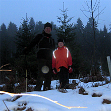 | Am späten Abend packte man sich mit Winterjacke, Schal, Mütze und Handschuhe für den Rückweg dick ein. Noch etwas flüssige Weg-zehrung eingepackt und ein Gläschen Heidelbeerwein für die unerschrockenen Wanderer zum Abschied, die sich nun mit Taschen-lampenlicht auf den glatten und teilweise vereisten Rückweg machten. So landeten einige ganz unverhofft auf ihrem Hosenboden. Ob das jeweils nur am Glatteis lag, weiß man nicht mehr so genau. |
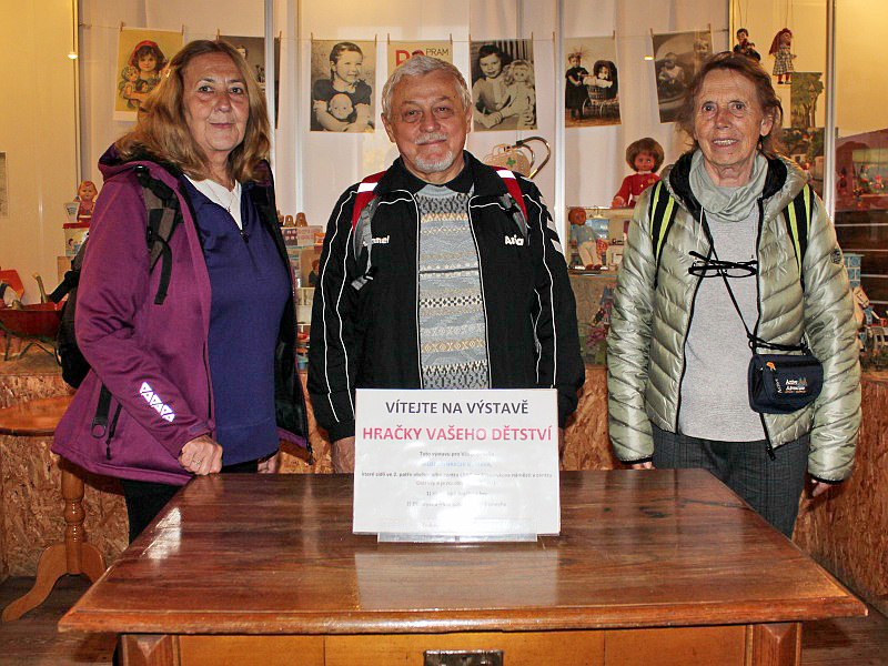 Na hrade je aj expozícia "přímo pro senióry". Tu sme sa zdržali asi najdlhšie z celej prehliadky. Z ľavej strany Marietka, Peťo a Gabika.
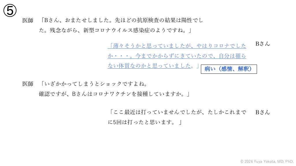 ⑤ 医師 「Bさん、おまたせしました。先ほどの抗原検査の結果は陽性でし た。残念ながら、新型コロナウイルス感染症のようですね。」 「薄々そうかと思っていましたが、やはりコロナでした Bさん か・・・。今までかからずにきていたので、⾃分は罹ら ない体質なのかと思っていました。」 病い(感情、解釈) 医師 「いざかかってしまうとショックですよね。 確認ですが、Bさんはコロナワクチンを接種していますか。」 「ここ最近は打っていませんでしたが、たしかこれまで Bさん に5回は打ったと思います。 」 © 2026 Yuya Yokota, MD, PhD. #55.
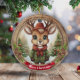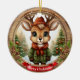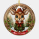 Dressed Whimsical Reindeer Fun Holiday Season Personalizable Rustic Xmas Pine Wood Decor. Framed Wooden Custom name Doe Decoration. Personal Name Gift Tag. Winter Wonderland Woodland Wildlife Deer with Antlers Character Ceramic Ornament! Featuring customizable white text saying "Merry Christmas" on a vibrant red ribbon – easily swap it out for a loved one's surname to make a truly personalized artwork for tree with charming accents of pine cones and evergreen branches for that cozy look. At the center is a festive cartoon graphic, wearing a coat, hat and scarf, evoking the spirit of an animal with a cute twist. The background showcases an enchanting snow landscape complete with a snowy trees. This two-sided, personal pine wood artwork ensures seeing the adornment from every angle – illustration appears on both front and back, so it always looks complete no matter how it spins while hanging. Perfect for gifting or decorating, and you can transfer this unique design to a variety of other products, from mugs to cards and more! Personalize your pinecone embellishment and bring home this delightful fawn keepsake today – visit Zazzle to customize and order now! 🦌🎄
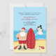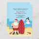 Eine niedliche Weihnachtsankündigung für diejenigen, die in ein warmes Klima ziehen. Die Karte zeigt Santa am Strand mit seinem Surfbrett und einem Schneemann, der im warmen Ozean schmilzt.
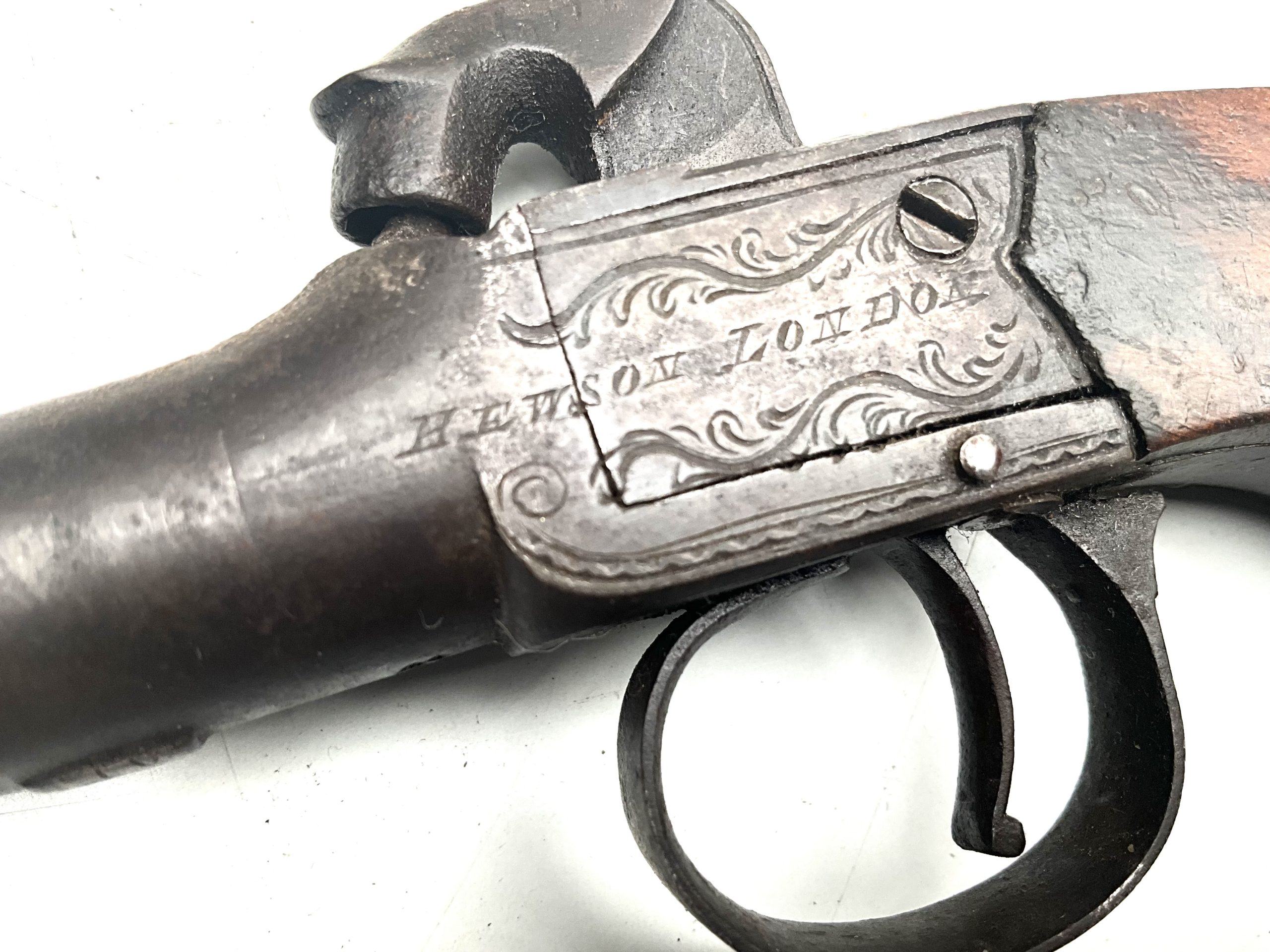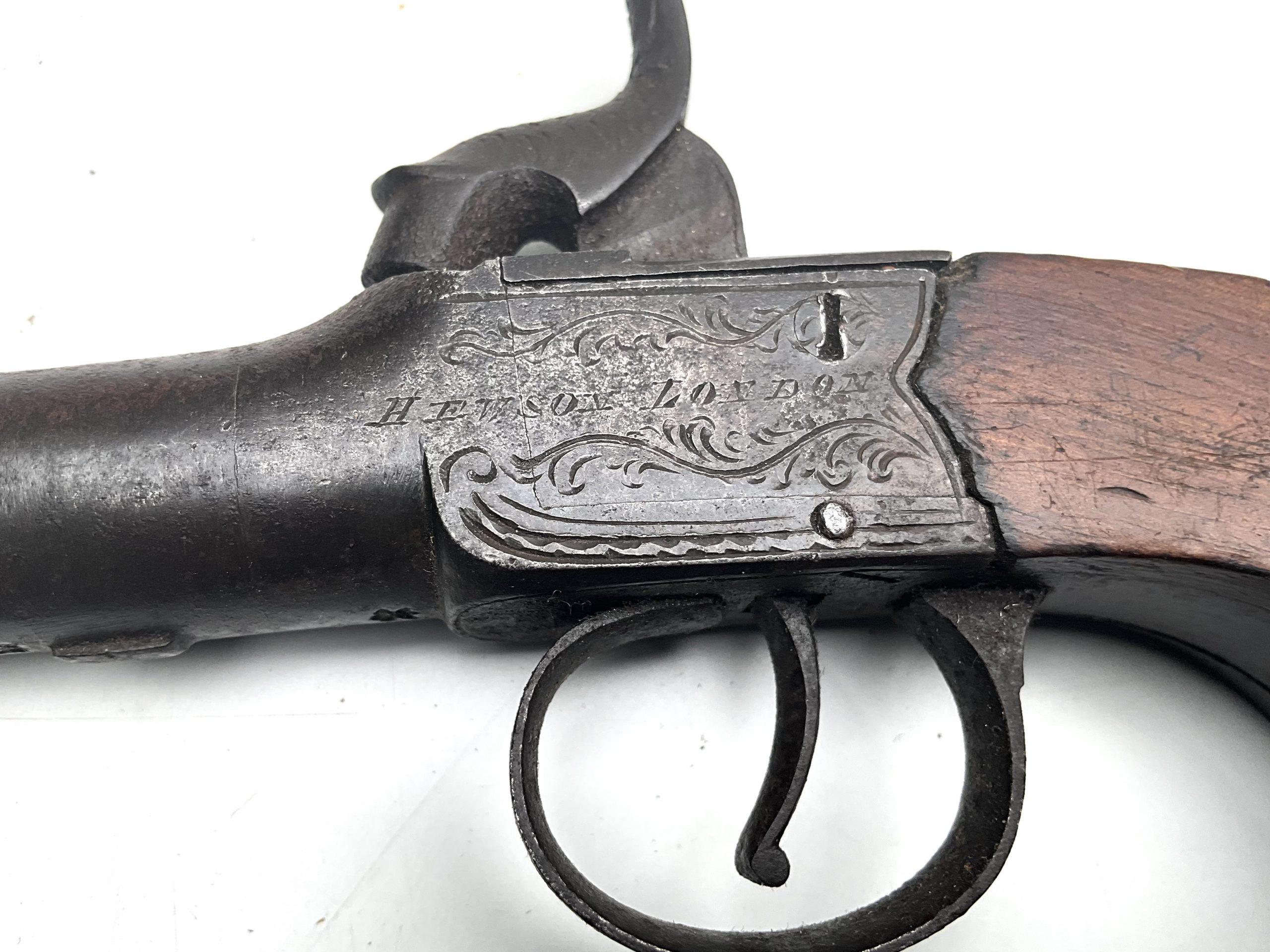 Restoration projects. the matching pair by Hewson of London, both having cocking issues, the trigger springs on both are strong and good, one half cocks the other not at all, length of pistols are 19 cm height 8 cm width at butt 25 mm barrels gauge 1 cm, offering free UK delivery reference DRC8. Tel: +44 7505 165 843 We accept online payments for all our items listed: Bank transfer cash on collection or if wishing over the phone using your debit or credit cards, also doing layby payments plan, or email giving your address details & contact number and we shall send you your items invoice to make payment with your card. Send your request to – john.strong2@gmail.com
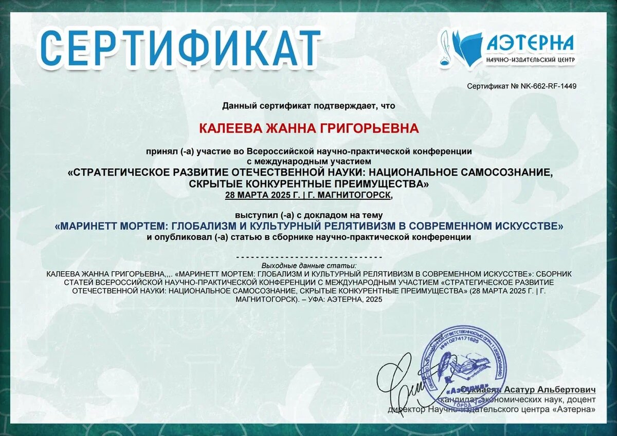 Калеева Ж.Г. Маринетт Мортем: глобализм и культурный релятивизм в современном искусстве // Стратегическое развитие отечественной науки: национальное самосознание, скрытые конкурентные преимущества: сборник статей Всероссийской научно-практической конференции с международным участием (28 марта 2025 г., г. Магнитогорск). - Уфа: Аэтерна, 2025. – 172 с.) С.136-137.

################

Exercise objective
From the line with "Eine niedliche Weihnachtsankündigung" down to the final line of the entries above, repeat each line exactly; omit the pictures.

Answer box
 Eine niedliche Weihnachtsankündigung für diejenigen, die in ein warmes Klima ziehen. Die Karte zeigt Santa am Strand mit seinem Surfbrett und einem Schneemann, der im warmen Ozean schmilzt.
 Restoration projects. the matching pair by Hewson of London, both having cocking issues, the trigger springs on both are strong and good, one half cocks the other not at all, length of pistols are 19 cm height 8 cm width at butt 25 mm barrels gauge 1 cm, offering free UK delivery reference DRC8. Tel: +44 7505 165 843 We accept online payments for all our items listed: Bank transfer cash on collection or if wishing over the phone using your debit or credit cards, also doing layby payments plan, or email giving your address details & contact number and we shall send you your items invoice to make payment with your card. Send your request to – john.strong2@gmail.com
 Калеева Ж.Г. Маринетт Мортем: глобализм и культурный релятивизм в современном искусстве // Стратегическое развитие отечественной науки: национальное самосознание, скрытые конкурентные преимущества: сборник статей Всероссийской научно-практической конференции с международным участием (28 марта 2025 г., г. Магнитогорск). - Уфа: Аэтерна, 2025. – 172 с.) С.136-137.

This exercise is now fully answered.